Functional Genomics Research

Our group has a number of ongoing research projects related to regulation of gene expression and analysis of large scale functional genomics data. The focus is on understanding how gene expression depends on molecular regulatory mechanisms, as well as genetic and experimental factors. We are also interested in transcriptomic/genomic associations to human diseases. In particular, we are interested in integrative approaches that draw on the vast amounts of public data collected in ArrayExpress and other EBI resources, and we partake in a number of international collaborative projects.

Here is a brief summary of individual projects; feel free to contact us for additional information.

Human Gene Expression Map

We have integrated and analyzed a large amount of publicly available microarray data in order to map, for the first time, the global "expression space" of human gene activity (Lukk et al., 2010). Click here for more information.

A similar approach has been applied to study similarities in gene expression patterns between human and mouse (Manuscript submitted).

Human Gene Expression Map. Each dot represents a biological sample in a multidimensional gene expression space projected on the principal plane formed by the first (hematopoietic) and second (malignancy) principal axes. The dots are colored according to the biological group the sample belongs to. (a) The first principal component separates hematopoietic system–derived samples from the rest of the samples. (b) The second principal axis predominantly arranges cell line samples at the bottom, neoplasm samples in the middle and a mixture of non-neoplastic disease and normal samples at the top.

Fission yeast transcriptional regulation

In collaboration with Jürg Bähler's group at UCL, we study global gene expression programs in fission yeast (S. pombe). Currently we apply high-throughput sequencing technologies (in particular RNA-seq) to analyze gene regulatory networks during cell proliferation, differentiation and quiescence as well as the effect of various genetic and environmental perturbations (Aligianni et al., 2009).

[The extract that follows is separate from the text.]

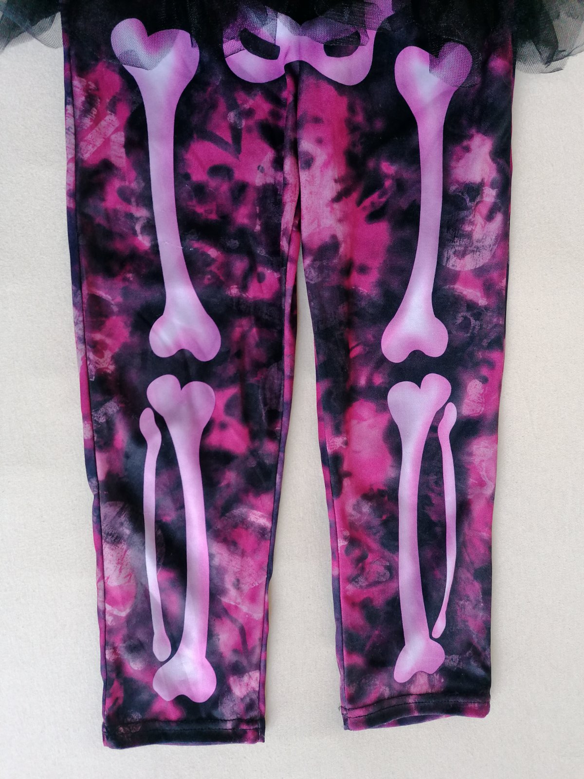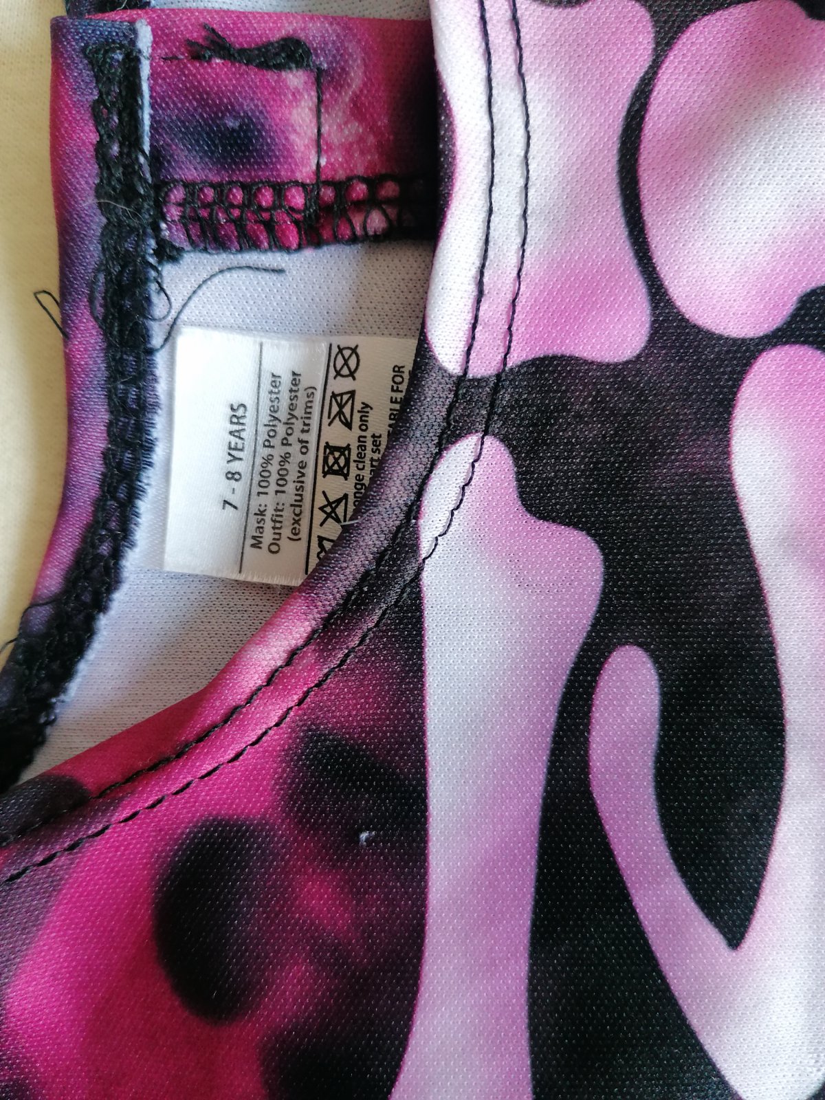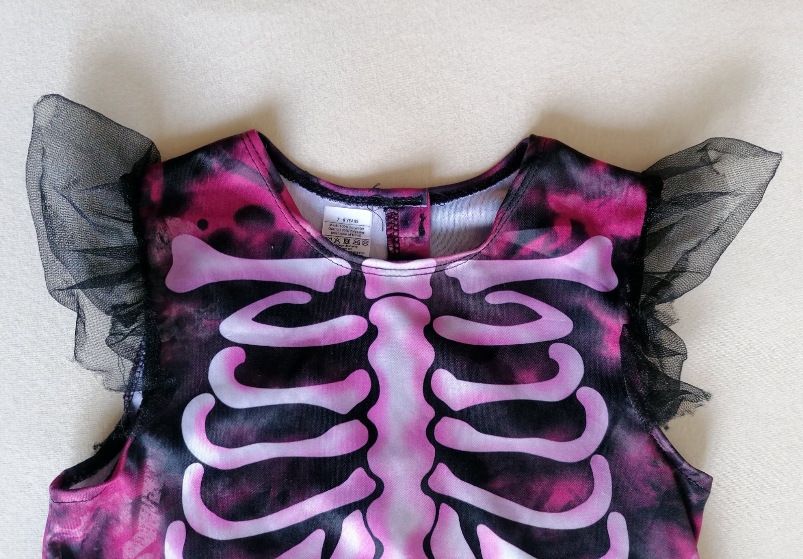 Exkluzívny kostým je v top stave bez poškodení. Pekne elastický, prispôsobí sa postave. V páse tylová suknička, v ružovej batikovanej látke motív svetlých lebiek.

Systems biology of fungal pathogens

The SYBARIS project investigates the genetic basis of susceptibility to fungal diseases and aims at elucidating the molecular mechanisms of drug resistance in fungal pathogens. We will use computational and bioinformatics methods to identify: (i) biomarkers of resistance to currently available treatments and (ii) novel putative drug target genes and pathways, in different fungi.

Methods for next generation sequencing data analysis

We have developed an R/Bioconductor based pipeline for RNA-seq data analysis, named ArrayExpressHTS, which will be available soon through Bioconductor and the EBI R workbench (Manuscript in preparation).

Also, methods for DNA sequence analysis and detection of different types of genetic variants are under development within the CAGEKID project, which focuses on renal cancer, as part of the International Cancer Genome Consortium.

Genome-wide association studies

We are studying how genetic variations affect gene expression using eQTL analysis, in particular to elucidate gene regulatory mechanisms and how different biases can be compensated for in the analysis. We are particularly interested in genomic and transcriptomic effects related to type 2 diabetes (Rung et al., 2009).

Within the ENGAGE project, we are working towards a large scale integrative analysis of diabetes related experiments in ArrayExpress and are also developing a pipeline for genome-wide imputation of genotypes based on data from the 1000 genomes and HapMap projects.

Visualisation of omics data for systems biology

One of our PhD students, Nils Gehlenborg, has recently finished a project on new bioinformatic methods for visualization and pattern detection in large scale biological datasets (Gehlenborg et al., 2010).

Bibliography

Aligianni, S. et al. (2009). The Fission Yeast Homeodomain Protein Yox1p Binds to Mbf and Confines Mbf-Dependent Cell-Cycle Transcription to G1-S Via Negative Feedback. PLoS Genetics 5:e1000626

Gehlenborg, N. et al. (2010). Visualization of omics data for systems biology. Nat Methods 7(3 Suppl):S56-68.

Lukk, M. et al. (2010). A global map of human gene expression. Nat Biotechnology 28:322-4

Rung, J. et al. (2009). Genetic variant near IRS1 is associated with type 2 diabetes, insulin resistance and hyperinsulinemia. Nat Genetics 41:1110-5.